— Information provided —
BEGIN

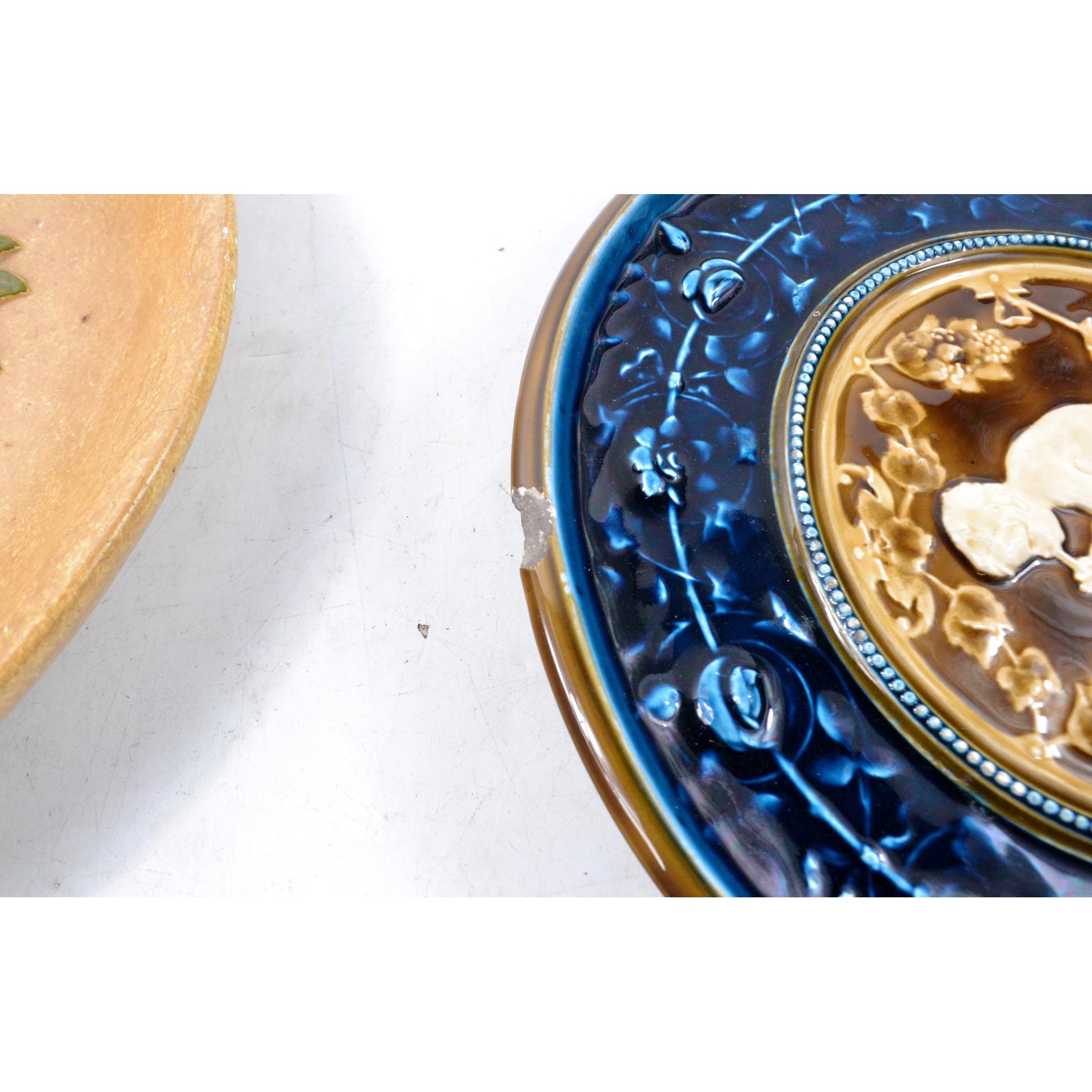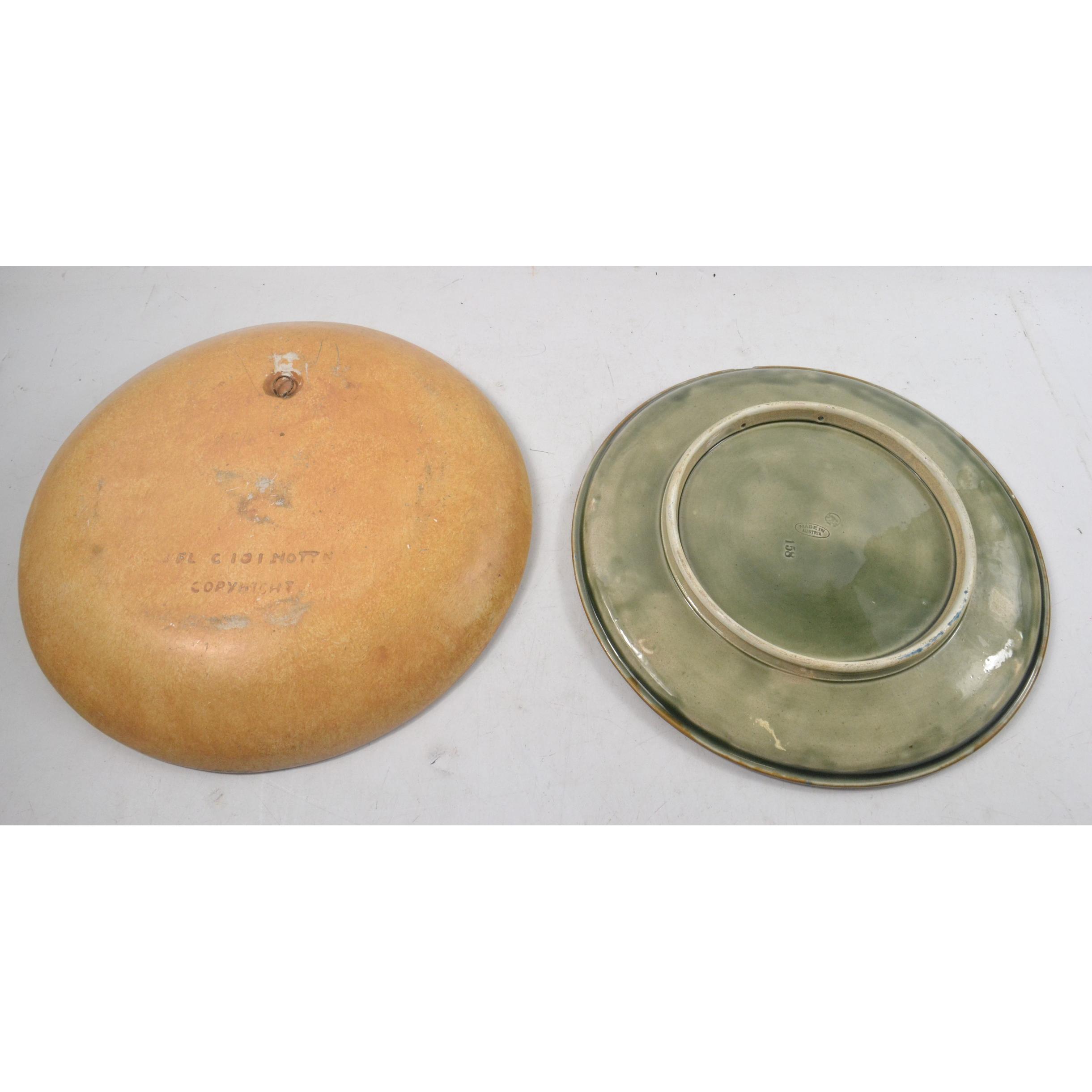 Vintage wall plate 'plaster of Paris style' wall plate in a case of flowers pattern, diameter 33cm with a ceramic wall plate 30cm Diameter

END
BEGIN

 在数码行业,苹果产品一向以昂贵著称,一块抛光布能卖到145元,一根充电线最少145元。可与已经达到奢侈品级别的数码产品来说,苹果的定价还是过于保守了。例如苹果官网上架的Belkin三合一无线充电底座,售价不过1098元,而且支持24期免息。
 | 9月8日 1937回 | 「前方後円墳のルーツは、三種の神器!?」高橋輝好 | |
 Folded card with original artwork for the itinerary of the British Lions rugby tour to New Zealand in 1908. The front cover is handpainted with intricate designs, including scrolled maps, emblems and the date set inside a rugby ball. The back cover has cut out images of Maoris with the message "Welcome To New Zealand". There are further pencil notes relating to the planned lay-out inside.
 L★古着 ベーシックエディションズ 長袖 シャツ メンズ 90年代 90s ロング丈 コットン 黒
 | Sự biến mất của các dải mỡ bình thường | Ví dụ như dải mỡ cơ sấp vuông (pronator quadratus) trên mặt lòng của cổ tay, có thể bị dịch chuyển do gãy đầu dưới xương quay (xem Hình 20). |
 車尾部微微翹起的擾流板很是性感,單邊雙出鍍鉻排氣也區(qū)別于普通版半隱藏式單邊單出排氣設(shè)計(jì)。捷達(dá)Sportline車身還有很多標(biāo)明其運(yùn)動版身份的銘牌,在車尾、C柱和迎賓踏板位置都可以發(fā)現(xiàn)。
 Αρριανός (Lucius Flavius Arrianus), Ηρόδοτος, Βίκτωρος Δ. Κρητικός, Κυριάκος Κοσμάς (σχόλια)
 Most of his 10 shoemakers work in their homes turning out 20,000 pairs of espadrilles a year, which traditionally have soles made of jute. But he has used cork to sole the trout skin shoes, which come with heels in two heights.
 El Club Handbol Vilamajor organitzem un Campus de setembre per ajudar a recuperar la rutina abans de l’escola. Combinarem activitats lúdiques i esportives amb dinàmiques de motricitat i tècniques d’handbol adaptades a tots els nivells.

END
BEGIN

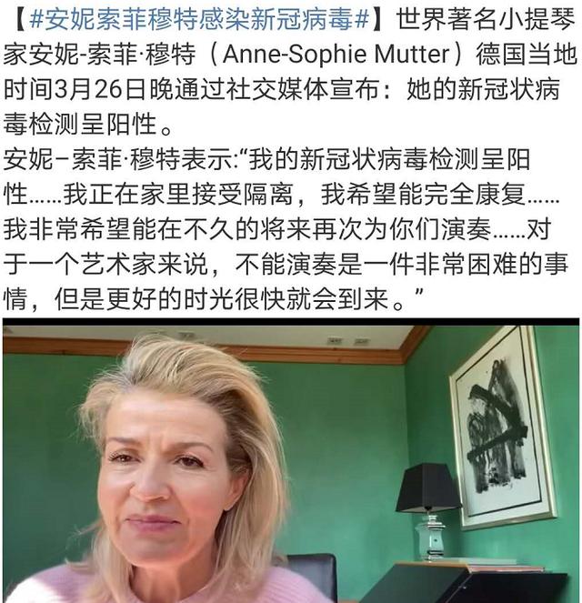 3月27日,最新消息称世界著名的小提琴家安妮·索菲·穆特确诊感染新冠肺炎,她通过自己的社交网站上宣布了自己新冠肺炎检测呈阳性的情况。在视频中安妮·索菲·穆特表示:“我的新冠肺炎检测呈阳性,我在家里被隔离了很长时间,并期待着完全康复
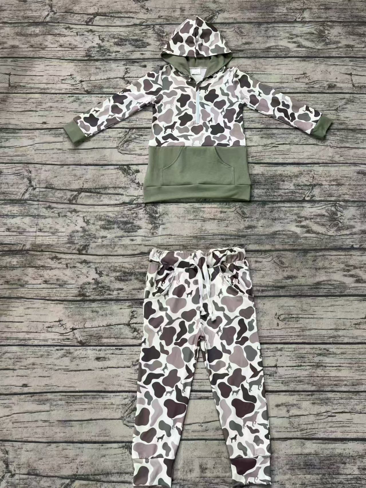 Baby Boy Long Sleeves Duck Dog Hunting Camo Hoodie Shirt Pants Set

END

Retype exactly the lines above, from the one with "L★古着 ベーシックエディションズ 長袖" through the one with "El Club Handbol", inclusive.

 L★古着 ベーシックエディションズ 長袖 シャツ メンズ 90年代 90s ロング丈 コットン 黒
 | Sự biến mất của các dải mỡ bình thường | Ví dụ như dải mỡ cơ sấp vuông (pronator quadratus) trên mặt lòng của cổ tay, có thể bị dịch chuyển do gãy đầu dưới xương quay (xem Hình 20). |
 車尾部微微翹起的擾流板很是性感,單邊雙出鍍鉻排氣也區(qū)別于普通版半隱藏式單邊單出排氣設(shè)計(jì)。捷達(dá)Sportline車身還有很多標(biāo)明其運(yùn)動版身份的銘牌,在車尾、C柱和迎賓踏板位置都可以發(fā)現(xiàn)。
 Αρριανός (Lucius Flavius Arrianus), Ηρόδοτος, Βίκτωρος Δ. Κρητικός, Κυριάκος Κοσμάς (σχόλια)
 Most of his 10 shoemakers work in their homes turning out 20,000 pairs of espadrilles a year, which traditionally have soles made of jute. But he has used cork to sole the trout skin shoes, which come with heels in two heights.
 El Club Handbol Vilamajor organitzem un Campus de setembre per ajudar a recuperar la rutina abans de l’escola. Combinarem activitats lúdiques i esportives amb dinàmiques de motricitat i tècniques d’handbol adaptades a tots els nivells.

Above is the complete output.